Question

A french fry stand at the fair serves their fries in paper cones. The cones have a radius of 22 inches and a height of 66 inches. It is a challenge to fill the narrow cones with their long fries. They want to use new cones that have the same volume as their existing cones but a larger radius of 44 inches.

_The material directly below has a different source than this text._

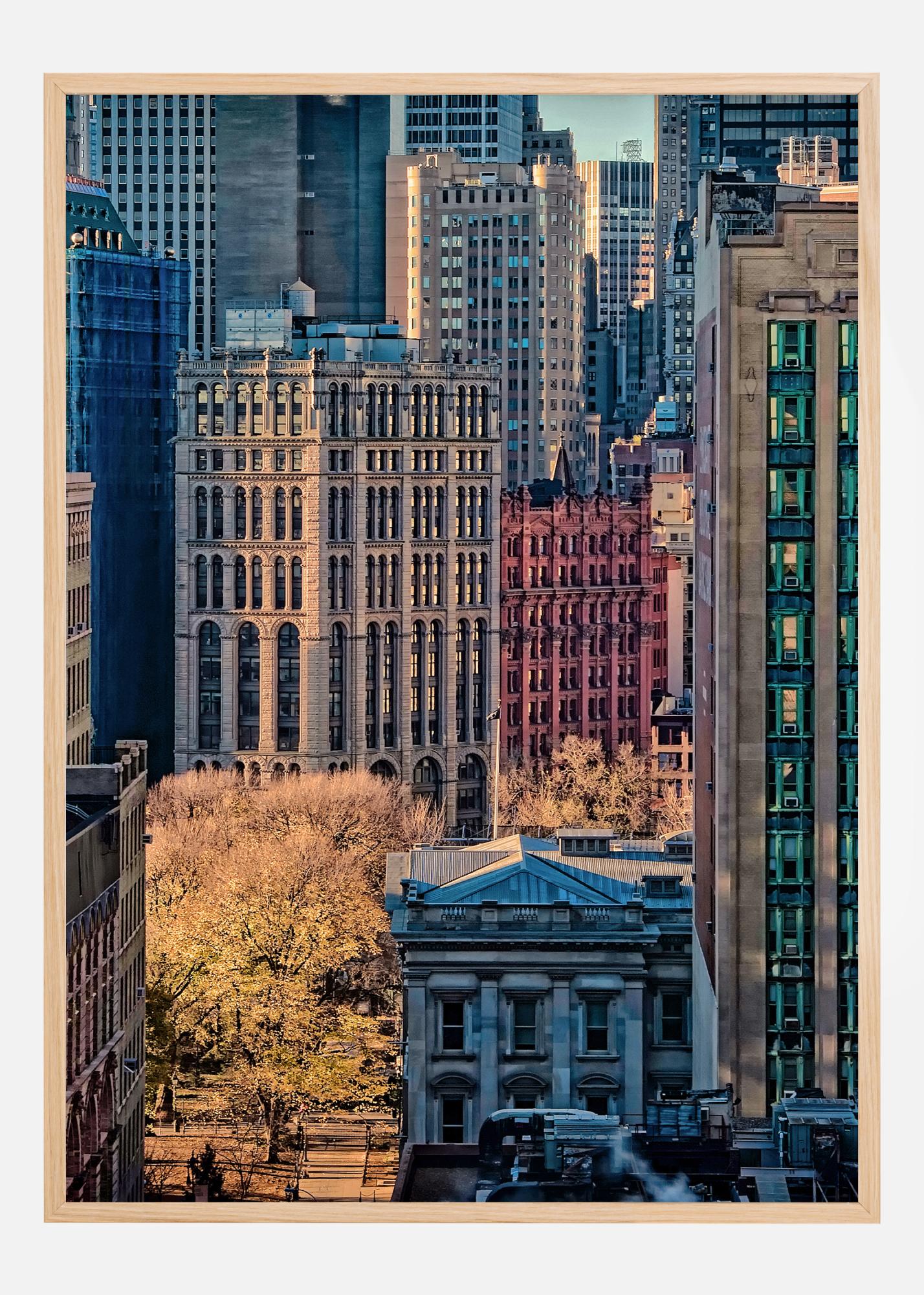 Urbanistinis peizažas su senais ir naujais pastatais. Rudens medžiai ir raudoni plytiniai pastatai puikiai kontrastuoja su šaltesniais mėlynais dangoraižiais. Įsivaizduokite, kad žiūrite pro savo langą į šią judrią miesto vietą, kol turite šį paveikslą namuose.

What will the height of the new cones be?

Answer 1

Answer:

The height of the new cones will be 16.5 inches.

Step-by-step explanation:

We know that,

The volume of a cone is,

$V=\frac{1}{3}\pi r^2 h$

Where, r is the radius of the cone,

h is the height of the cone,

In the original cone,

r = 22 inches,

h = 66 inches,

Thus, the volume would be,

$V_1=\frac{1}{3}\pi (22)^2(66)$

Also, for the new cone,

r = 44 inches,

Let H be the height,

So, the volume of the new cone would be,

$V_2=\frac{1}{3}\pi (44)^2(H)$

According to the question,

$V_2=V_1$

$\implies \frac{1}{3}\pi (44)^2(H)=\frac{1}{3}\pi (22)^2(66)$

$\implies H=\frac{22^2(66)}{44^2}=(\frac{22}{44})^2\times 66 = \frac{66}{4}=16.5$

Hence, the height of the new cones will be 16.5 inches.